As it stands, construction (both residential and non-residential) are seriously depressed. It is difficult to imagine that either sector could fall much more than it already has. This means any negative impact that they have on the economy will be very limited. The auto sector is also still well-below pre-recession levels of sales. If it were to dip by another 10-15 percent (a very large dip), it would not have that much impact on the economy.
Consumption more generally is growing, albeit slowly. This is 70 percent of output, and even modest growth in consumption is likely to keep the economy growing. The government sector is shrinking, but only at around a 2 percent annual rate. So, we have to offset a sector that is about 20 percent of GDP shrinking at a 2 percent rate to stay in positive territory.
That is a pretty low bar. I think the double-dip crowd has not done their homework.
The second point is that a double-dip is not the sort of game-changing event that many seem to think. If we have a prolonged period of weak growth, that means rising unemployment and increased suffering. There is no magic to going negative. If we had 2 quarters where the economy shrank by 0.3 percent and followed by a year of 7 percent growth, this would be a great deal.
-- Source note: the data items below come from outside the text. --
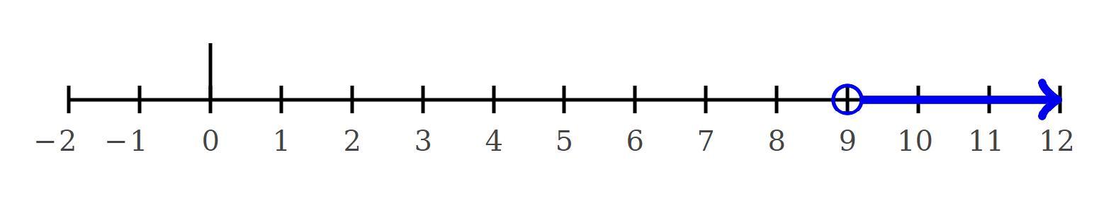 x>9 I included a picture of the number line as well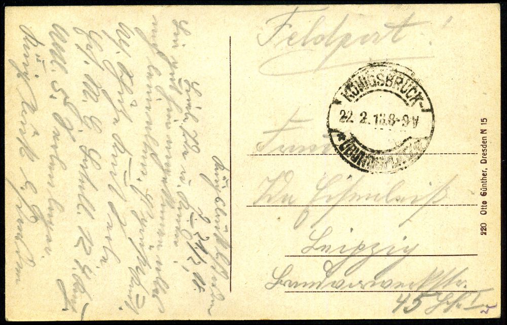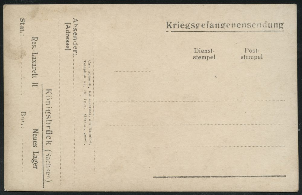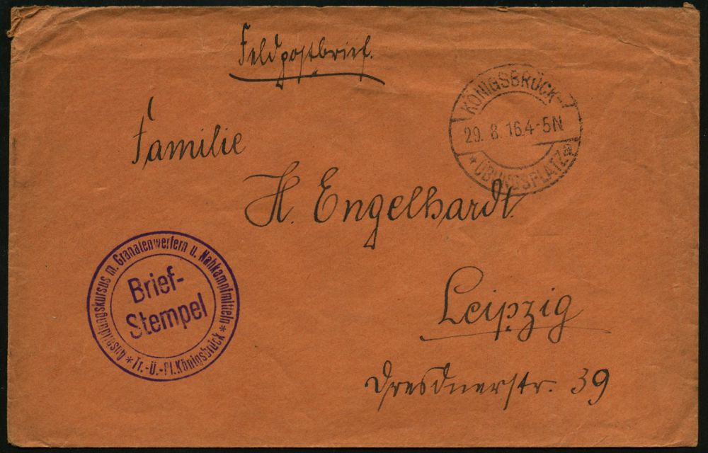 217 | 15 € | TRUPPENÜBUNGSPLÄTZE bis 1918 : KÖNIGSBRÜCK-/ *ÜBUNGSPLATZ/ a 1916 (29.8.) 1K-Brücke = Hauspostamt Truppenübungsplatz + viol. 2K-HdN: Ausbil-dungskursus mit Granatwerfern u. Nahkampfmitteln.. , rs. hs. Abs.: "Pionier Lehr-Kdo.", klar gest. Feldpost-Bf. n. Leipzig | ![]() | |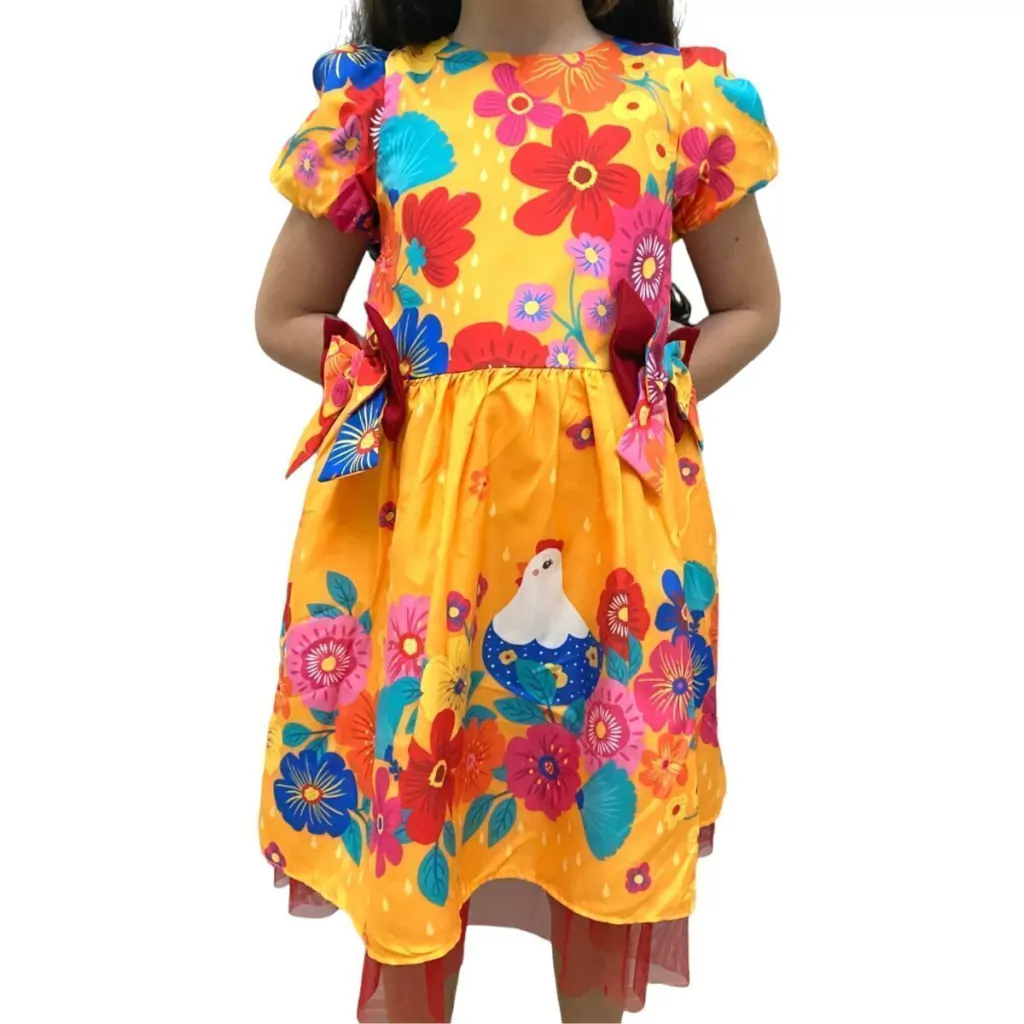 Detalhes do Produto: Vestido Para Festa Junina; Manga Bufante; Estampa Com Galinha E Flores; Um Laço de Cada Lado Da Cintura; Tule Mais comprido em Vermelho na parte de baixo;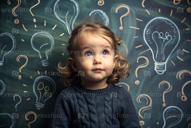 Развитие и образование детей. Вдумчивые девочки на темном фоне с лампочкой и вопросительными знаками. Брайнсторминг и концепция идеи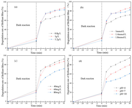 As shown in Figure 10c, under the same control variables, the degradation efficiency of brilliant blue gradually decreases with the increase in brilliant blue concentration. When the concentration is 40 mg/L, the degradation efficiency is 92.3%; when the concentration is 80 mg/L, the degradation efficiency decreases to 71.2%. This may be because, with the increase in brilliant blue concentration, the amount of brilliant blue per unit volume increases, and the amount of brilliant blue involved in the photocatalytic reaction increases. However, under a certain amount of catalyst, the amount of brilliant blue effectively degraded by the photocatalytic reaction is less than that added to the solution, so the greater the concentration of brilliant blue added, the lower the degradation efficiency is [36]. The effect of pH value on the degradation of brilliant blue can be seen in Figure 10d. With the increase in pH value, the degradation efficiency of brilliant blue gradually decreases. When the pH value is 4, the degradation efficiency reaches 94.8%; when the pH value is 10, the degradation efficiency decreases to 60.9%. This may be because Fe3+ is not easy to hydrolyze into precipitation under acidic conditions but exists in the form of ions, which improves the utilization of •OH, and H+ can promote the decomposition of H2O2, which is conducive to the formation of •OH and promotes the degradation efficiency of brilliant blue in solution. In addition, as an acid dye, brilliant blue has a negative charge, which is beneficial to the absorption of brilliant blue by the catalyst and promotes the oxidation degradation of brilliant blue under acidic conditions, while it is unfavorable to the adsorption and reaction of brilliant blue by the catalyst under neutral or alkaline conditions. Therefore, when the pH ≥ 7, the degradation conducive of brilliant blue decreases gradually with the increase in pH. Göktaş [37] studied the synergistic effect of pH value (4–11) and different light sources (ultraviolet lamp, LED lamp, sunlight, halogen lamp) on the photocatalytic degradation of methylene blue, and for the first time, the photocatalytic degradation of methylene blue under different photocatalytic activity light irradiation was studied comprehensively, which confirmed the influence of pH value on the photodegradation of pollutants.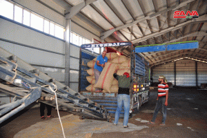 وتتم عمليات استلام القمح كما ذكرت رئيسة دائرة التسويق في فرع المؤسسة العامة لإكثار البذار بالسويداء المهندسة سلاف السعد بشكل ميسر من حيث تنظيم الدور وتفريغ حمولات الشاحنات بالسرعة اللازمة وذلك بعد أخذ العينات منها وفحصها مخبريا ومطابقة نتائجها إضافة لرصد القيم المالية اللازمة للإسراع بصرف مستحقات المزارعين الذين يسلمون محصولهم للمؤسسة.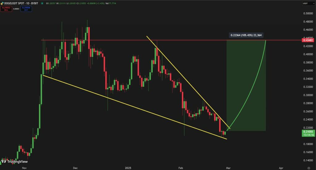 Notably, Carl The Moon recently posted that Dogecoin could break out of this falling wedge any day now, with a target of $0.43.
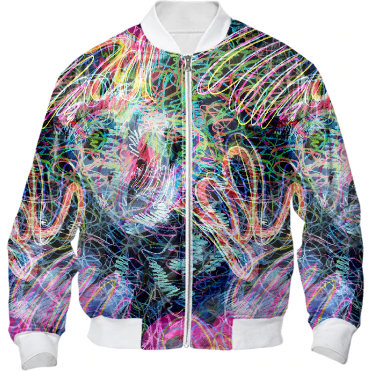 Light weight bombr jacket with your choice of white or black ribbing slight padding zip up front and side pockets. The inside is adorned with PAOM straps for swinging over your shoulders so you dont have to hold it.

By contrast, we may be looking at 2 years or more where the growth could be in the range of 2.0 percent or even less. When we have 9.1 percent unemployment, this is an outrage. If we get people applauding because at least we are not seeing a double dip, then we have to calmly escort these ignorant beings to somewhere far away from economic policy discussions. They clearly do not have a clue and need to try a different line of work.
Finally, it is 100 percent nonsense to say that the government is out of policy options. We can do more stimulus. The financial markets are yelling at the government at the top of their lungs saying “borrow more money.” That’s what 2.6 percent interest rate on 10-year Treasury bonds means. There are balanced-budget worshipping politicians who say that the government can’t do anything, but this is not true and the NYT has no business repeating it.
The Fed could also do more. For some reason the article does not mention policies that Ben Bernanke has himself suggested: targeting a long-term interest rate (e.g. a 1.0 percent 5-year Treasury rate) or a higher rate of inflation (e.g. 3-4 percent). The former was mentioned by Bernanke at his Jackson Hole speech last summer; the latter in a paper that he wrote while still a professor at Princeton. Both could help to boost demand and create jobs.
The government could also try to create jobs by taking steps to lower the value of the dollar. The Chinese government has been making threats that it will stop buying up U.S. government debt if we don’t take their advice. The Obama administration could ask what they most want and then do the exact opposite. If the Chinese government stops buying U.S. assets then the dollar will fall against the yuan. This is equivalent to imposing a tariff on Chinese imports and giving a subsidy to U.S. exports. In other words, it should lead to a burst in net exports which will lift the economy and create jobs.
Finally, the government could promote work sharing. Every month employers lay off or fire 2 million workers. If the government gave incentives so that employers were persuaded to shorten hours rather dump employees, and this reduced this figure by 10 percent, it would be equivalent to creating another 200,000 jobs per month.
In short, there is much that the government can do to create jobs. It is understandable that incumbent politicians would want to push the “nothing we can do line” to justify their own failings, however news outlets have no business passing along these excuses which are not true.